Work required: Scan the data for lines with "provincia" and report the count by itself.

Stored records:
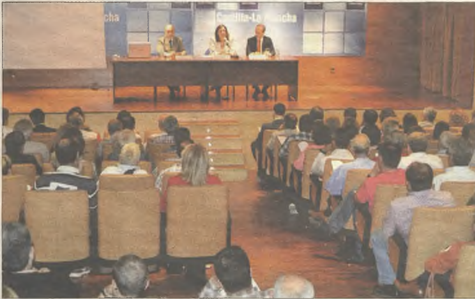
La consejera de Empleo presentando el plan a los alcaldes de la provincia de Guadalajara.

Sin embargo, sólo un día después de que la consejera de Economía, Empresas y Empleo presentase el plan a los alcaldes de la provincia de Guadala-
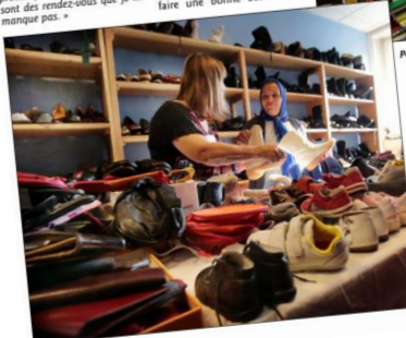
A la Friperie Saint-Nicolas, il y a de quoi se vêtir de la tête aux pieds !

C'est le nombre de bénévoles qui donnent de leur temps et de leur énergie pour que la vente puisse avoir lieu. Dès samedi dernier, ils se sont activés pour vider les cartons et tout ranger par catégorie. Un travail titanesque !
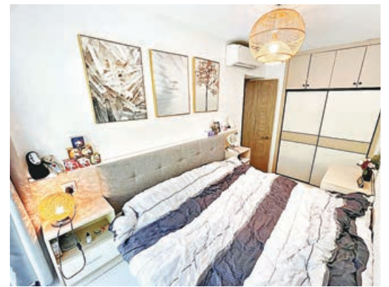
■睡房牆身掛上畫像，點綴一番。
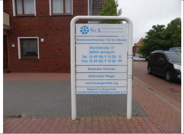
Seniorenwohnanlage Auf der Wierde
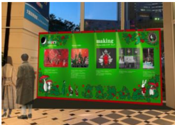
▶ハービスPLAZA ENT B1

ニコラ氏がハービスのクリスマスのために作り上げた物語やドローイング、作品ができるまでのプロセスを紹介

Expected answer: 2